5. Convertible Notes (Continued)

        In the event the Company issues or sells equity securities prior to the Maturity Date with aggregate proceeds of not less than $7.0 million, the Convertible Notes plus all accrued interest automatically convert into either (i) the newly issued equity securities at 75% of the cash price per share paid by the investors in the new equity securities; or (ii) shares of Series C Preferred Stock at $1.15 per share. In accordance with ASC 815, the Company determined that this embedded mandatory conversion feature should be separately accounted for as a freestanding financial instrument as the conversion feature was a substantial contingent call option.

        In the event the Company issues or sells equity securities prior to the Maturity Date with aggregate proceeds less than $7.0 million, the Convertible Notes plus all accrued interest can be converted at the option of the holders into the newly issued equity securities at 75% of the cash price per share paid by the investors in the new equity securities. In accordance with ASC 815, the Company determined that this embedded conversion feature should be separately accounted for as a freestanding financial instrument as the conversion feature was a substantial contingent call option.

        In the event of a change in control of the Company prior to the Maturity Date, the Company has the option to prepay the Convertible Notes at 1.5 times principal, plus accrued interest. In accordance with ASC 815, the Company determined that this embedded redemption feature should be separately accounted for as a free-standing financial instrument as the conversion feature was a substantial contingent call option.

        The Convertible Notes include a call feature, at the issuer's option, whereby the Convertible Notes may be prepaid at 1.5 times principal, plus accrued interest. In accordance with ASC 815, the Company determined that this embedded redemption feature should be separately accounted for as a free-standing financial instrument.

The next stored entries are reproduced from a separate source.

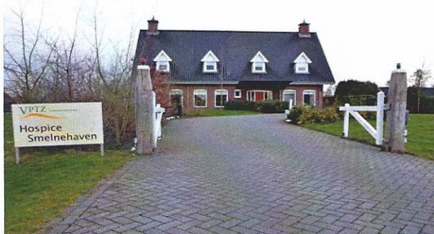
Inrit Hospice Smelnehaven

Primair doel van VPTZ ZOF is aan een ieder in de laatste levensfase en diens naasten- daar waar nodig en gewenst- tijd, aandacht en ondersteuning te bieden door goed opgeleide vrijwilligers. De kwaliteit van zorg die wordt geboden aan onze cliënten/gasten is een permanent punt van aandacht. Investeren in kennis en kunde van de vele vrijwilligers en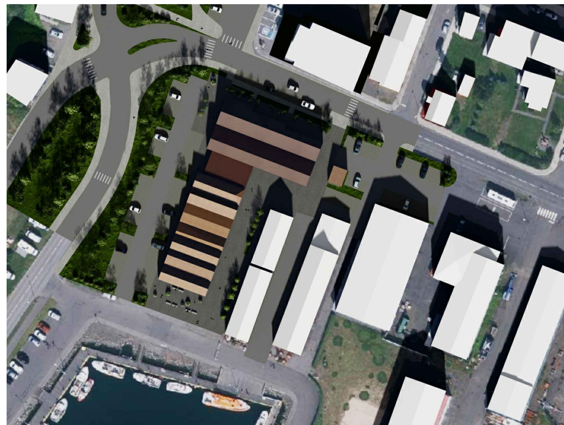
20. september kl. 13.00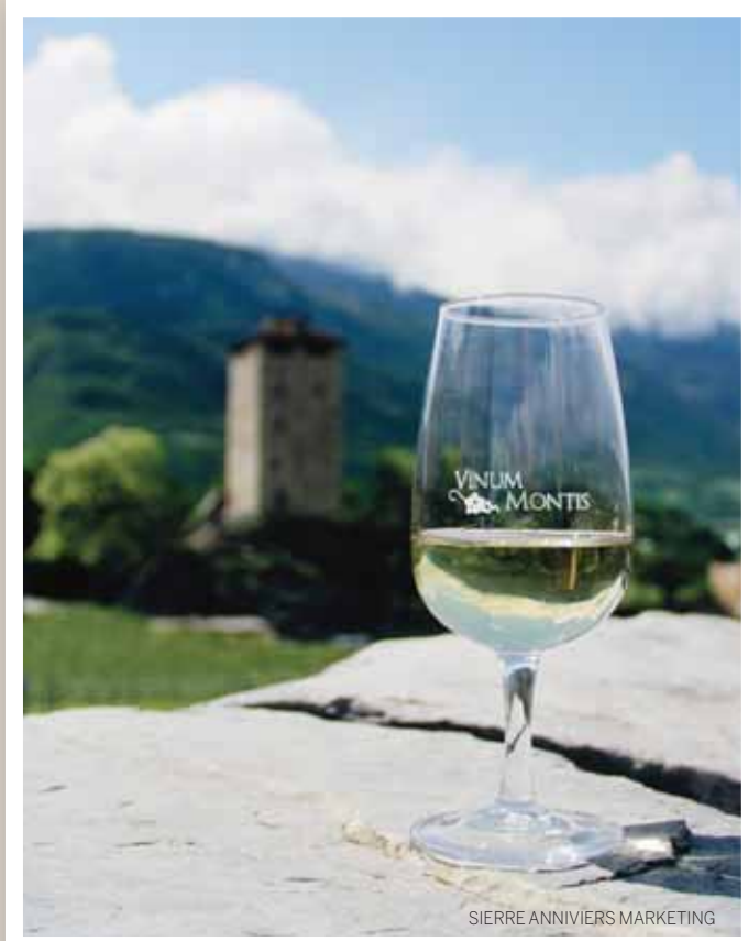
SIERRE ANNIVIERS MARKETING

LES PRIVILEGES VINUM MONTIS L'œnotourisme n'est pas un vain mot dans la région de Sierre! Pour le découvrir, il vous suffit de suivre attentivement le projet Vinum Montis. Deux axes de découvertes vous sont proposés. Premièrement, en rejoignant la communauté via www.facebook.com/Vinumontis , www.vinumontis.ch ou www.sierretourisme.ch et deuxièmement, en profitant directement du prochain événement prévu le 16 juin (voir encadré). Avec la carte de fidélité, vous avez également la chance de gagner 60 bouteilles de la région ainsi qu'un week-end romantique pour 2 personnes au val d'Anniviers.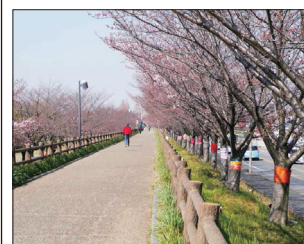
【打上治水公園(2017.4.3撮影)】

寝屋川支部では、支部ホームページに掲載する「寝屋川の一枚」の写真・絵画を募集しております。ジャンルは問いませんので、お薦めがございましたら各地区委員または支部ホームページの会員ページのメールアドレスへ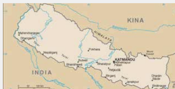
INNEKLEMT FJELLAND: Nepal ligg «inneklemt» mellom India i sør og Tibet i nord.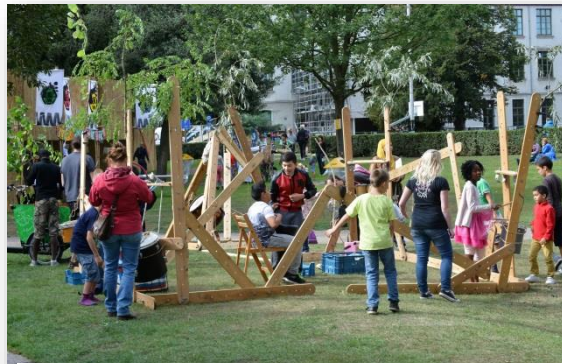
Wilde Mannen, Woeste Wijven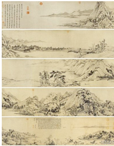
Huang Gongwang, Séjour dans les Monts Fuchun , 1348-1350, rouleau encre sur papier (~50 × 600 cm), Zhejiang Museum / NPM Taipei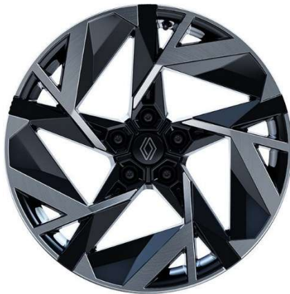
19" ζάντες αλουμινίου Elixir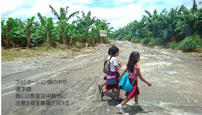
プランテーション畑の中が 通学路 奥には農薬空中散布に 注意を促す看板が見える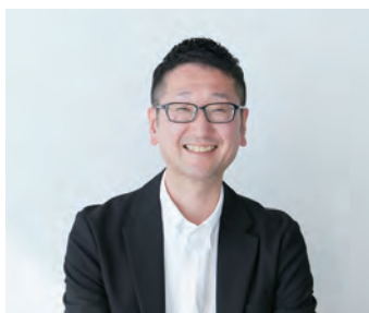
フラワートライアルジャパン実行委員長 (MPS ジャパン株式会社)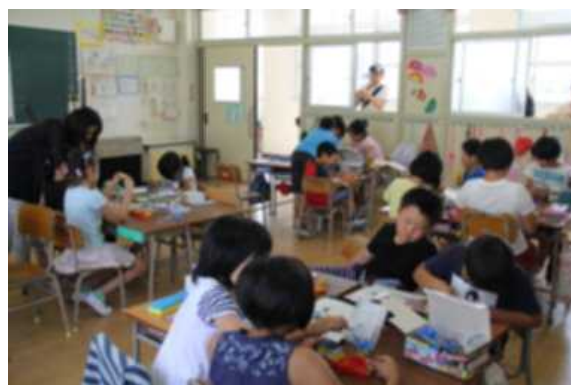
4年 電気のはたらき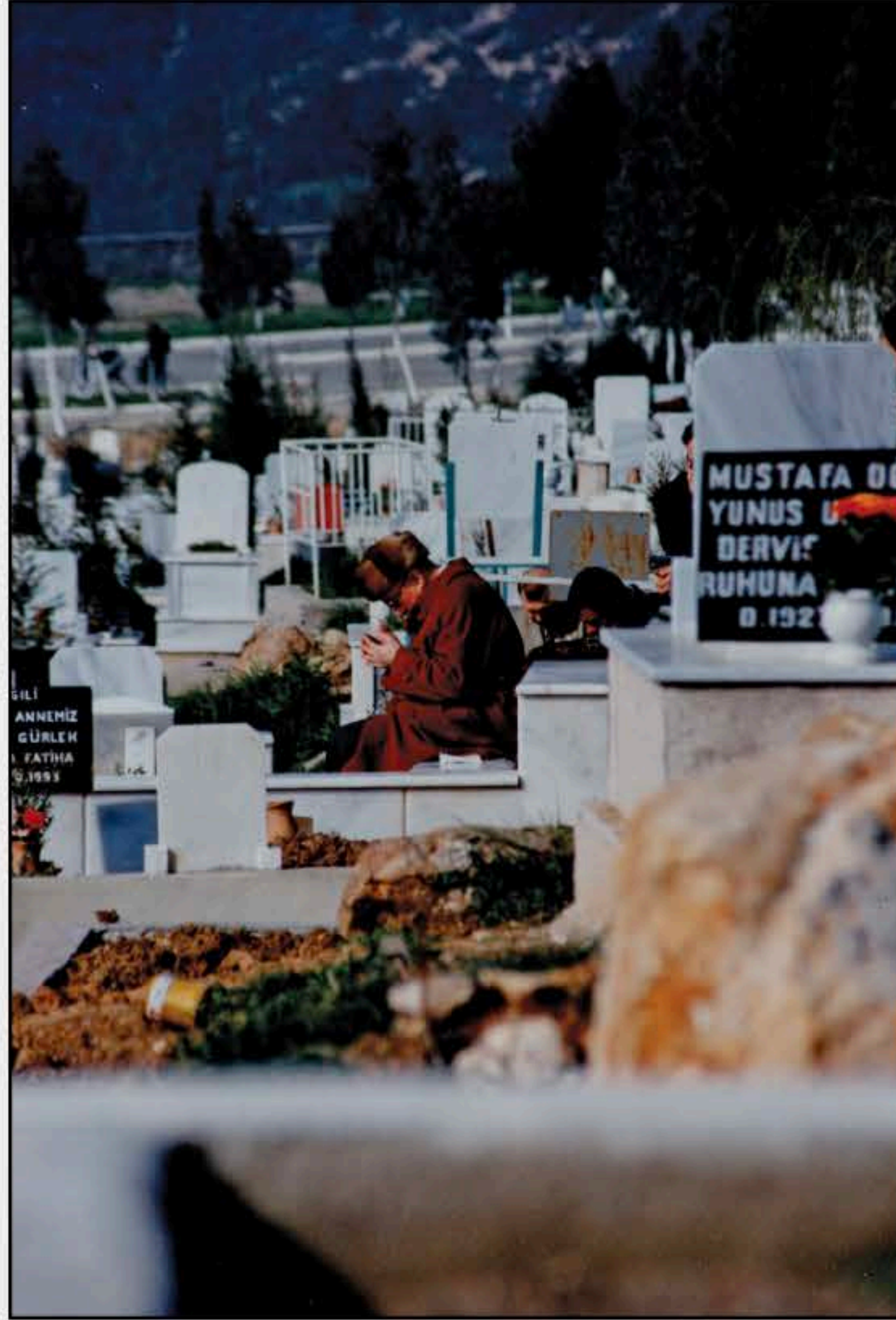
11-İzmir Örnekköy mezarlığında annesinin kabri başında dua ederken.

        The Convertible Notes include a put feature, at the option of the holders, whereby upon a breach of the Note Agreement, repayment of the Convertible Notes can be accelerated at 1.5 times principal, plus accrued interest. In accordance with ASC 815, the Company determined that this embedded redemption feature should be separately accounted for as a free-standing financial instrument. The Convertible Notes also include an additional put feature, at the option of the holders, whereby upon an event of default, the repayment of the Convertible Notes can be accelerated in the amount of the outstanding principal, plus accrued interest. In accordance with ASC 815, the Company determined that this embedded redemption feature does not require separate accounting as a free-standing financial instrument.

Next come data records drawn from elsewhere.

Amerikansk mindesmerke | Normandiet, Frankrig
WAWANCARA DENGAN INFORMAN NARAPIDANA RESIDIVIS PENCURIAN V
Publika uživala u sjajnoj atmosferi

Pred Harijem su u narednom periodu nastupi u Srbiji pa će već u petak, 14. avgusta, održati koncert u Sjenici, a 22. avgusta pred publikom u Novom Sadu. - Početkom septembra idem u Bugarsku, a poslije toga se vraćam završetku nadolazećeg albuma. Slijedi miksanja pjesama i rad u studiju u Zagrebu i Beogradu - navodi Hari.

        The embedded features requiring separate accounting were combined and valued upon issuance using a single income valuation approach. The Company estimated the fair value of the combined embedded derivative identified above using a "with and without" income valuation approach. Under this approach, the Company estimated the present value of the fixed interest rate debt based on the fair value of similar debt instruments excluding the embedded features. This amount was then compared to the fair value of the debt instrument including the embedded features using a probability weighted approach by assigning each embedded derivative feature a probability of occurrence, with consideration provided for the settlement amount including conversion discounts, prepayment penalties, the expected life of the liability and the applicable discount rate.